Dataset items:
● ● ● ●

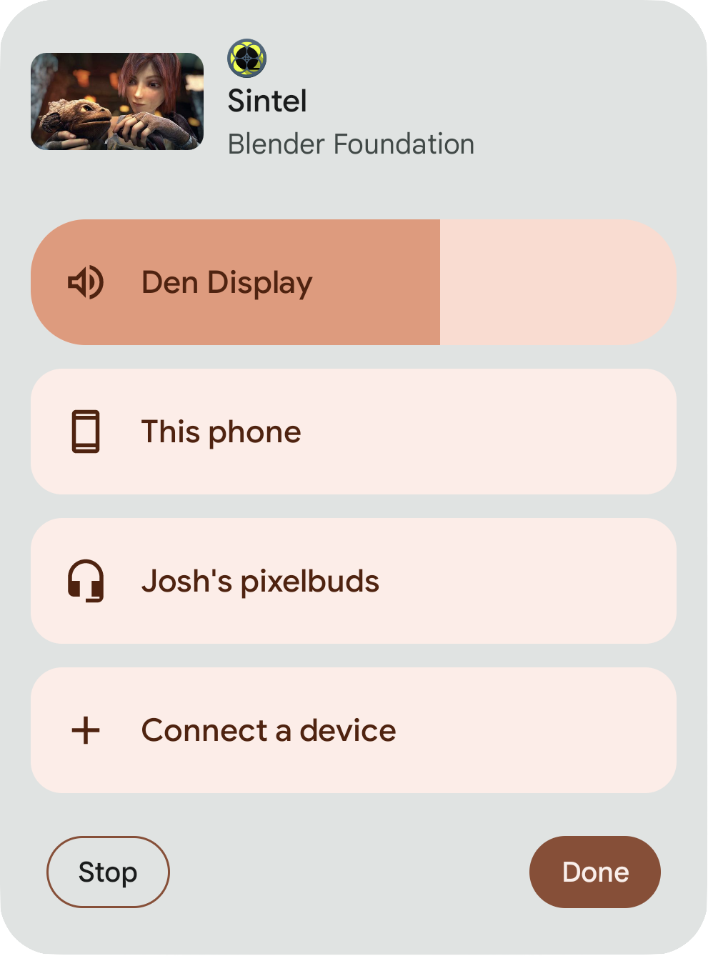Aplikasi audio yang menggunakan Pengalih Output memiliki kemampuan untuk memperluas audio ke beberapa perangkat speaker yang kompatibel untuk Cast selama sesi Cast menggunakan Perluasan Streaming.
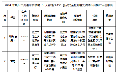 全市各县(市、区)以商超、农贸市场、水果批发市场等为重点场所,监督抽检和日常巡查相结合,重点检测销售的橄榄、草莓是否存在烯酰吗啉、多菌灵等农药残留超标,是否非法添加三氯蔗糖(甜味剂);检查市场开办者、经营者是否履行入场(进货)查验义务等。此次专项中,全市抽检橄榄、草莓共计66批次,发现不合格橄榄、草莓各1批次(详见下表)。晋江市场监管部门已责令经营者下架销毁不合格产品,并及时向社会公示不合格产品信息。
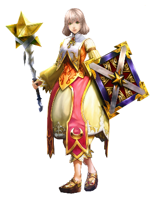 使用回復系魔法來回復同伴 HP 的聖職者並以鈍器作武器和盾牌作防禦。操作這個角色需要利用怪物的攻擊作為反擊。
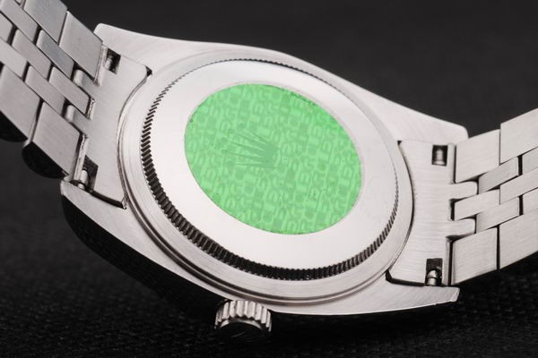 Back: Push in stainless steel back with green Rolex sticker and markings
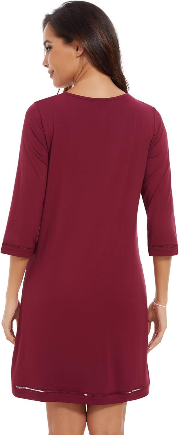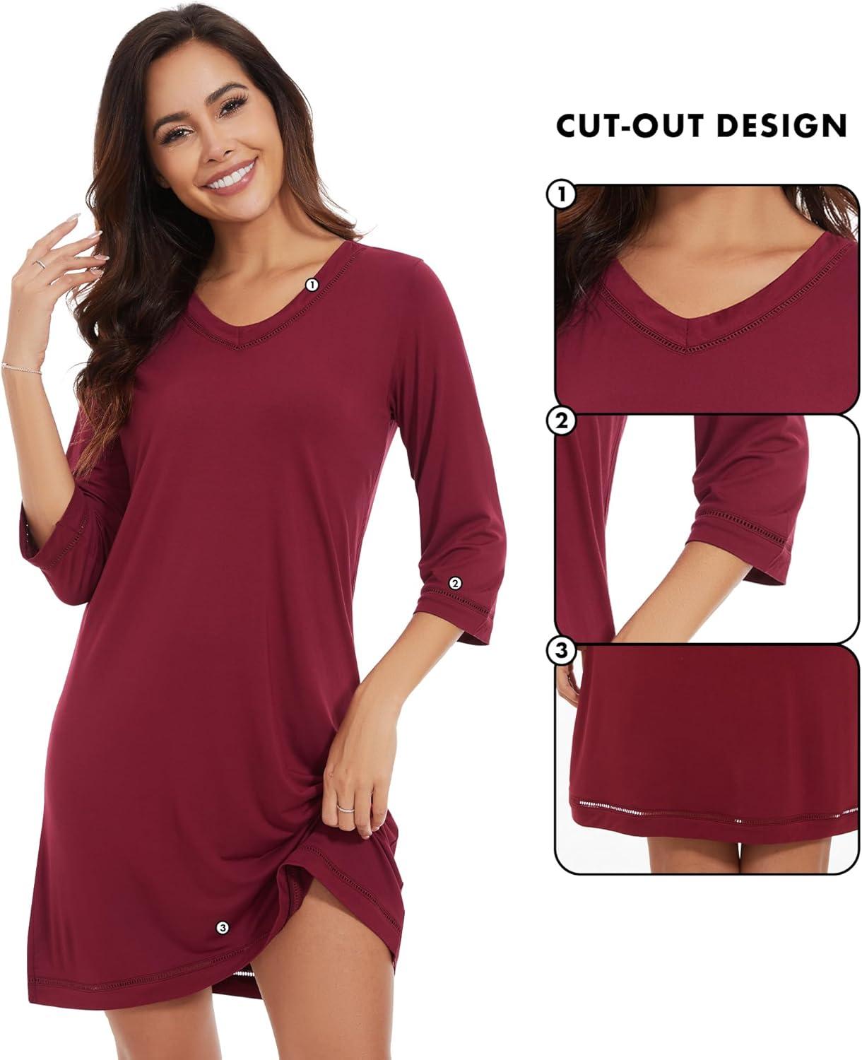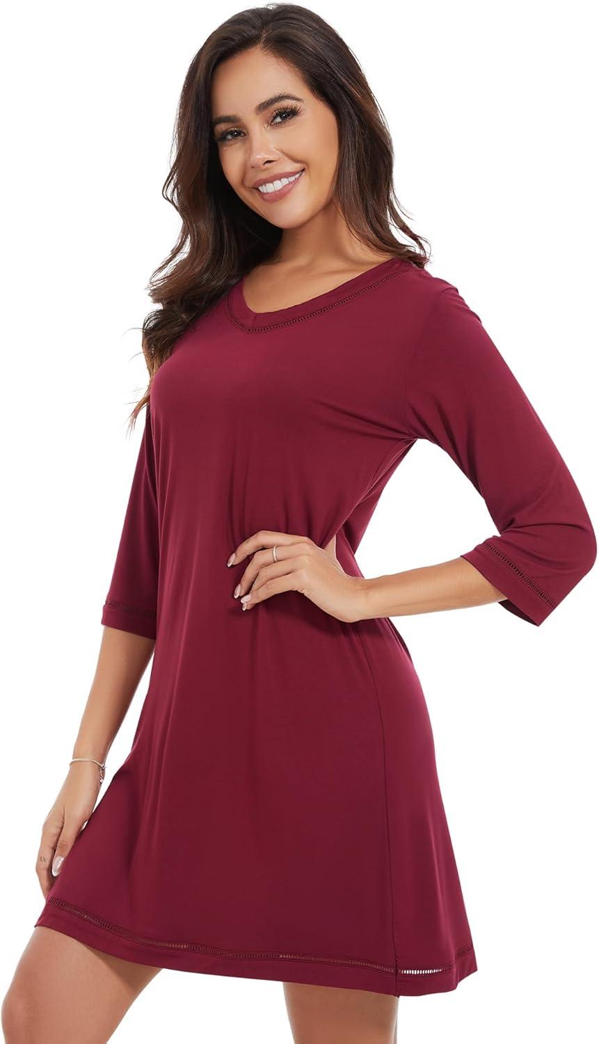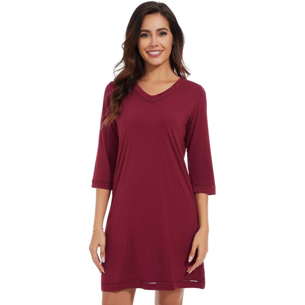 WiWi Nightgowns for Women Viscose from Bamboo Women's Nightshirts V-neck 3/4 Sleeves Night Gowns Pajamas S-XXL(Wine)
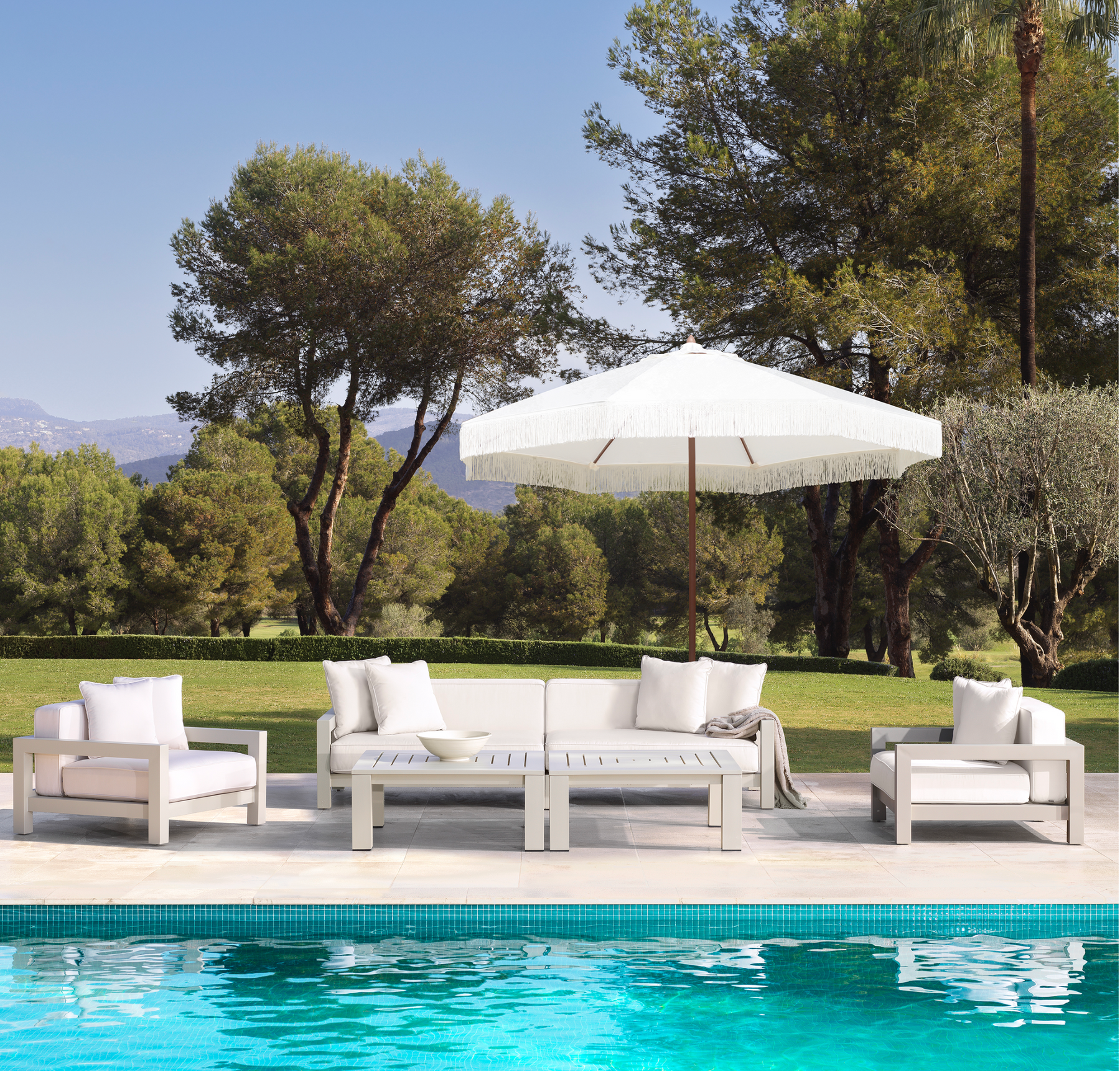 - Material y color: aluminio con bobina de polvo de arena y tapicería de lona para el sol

● ● ● ●

- [REQUIRED WORK]
Beginning with the line that has "全市各县(市、区)以商超、农", repeat each remaining line of the data above word for word, keeping pictures out.

- [COMPLETED EXERCISE]
 全市各县(市、区)以商超、农贸市场、水果批发市场等为重点场所,监督抽检和日常巡查相结合,重点检测销售的橄榄、草莓是否存在烯酰吗啉、多菌灵等农药残留超标,是否非法添加三氯蔗糖(甜味剂);检查市场开办者、经营者是否履行入场(进货)查验义务等。此次专项中,全市抽检橄榄、草莓共计66批次,发现不合格橄榄、草莓各1批次(详见下表)。晋江市场监管部门已责令经营者下架销毁不合格产品,并及时向社会公示不合格产品信息。
 使用回復系魔法來回復同伴 HP 的聖職者並以鈍器作武器和盾牌作防禦。操作這個角色需要利用怪物的攻擊作為反擊。
 Back: Push in stainless steel back with green Rolex sticker and markings
 WiWi Nightgowns for Women Viscose from Bamboo Women's Nightshirts V-neck 3/4 Sleeves Night Gowns Pajamas S-XXL(Wine)
 - Material y color: aluminio con bobina de polvo de arena y tapicería de lona para el sol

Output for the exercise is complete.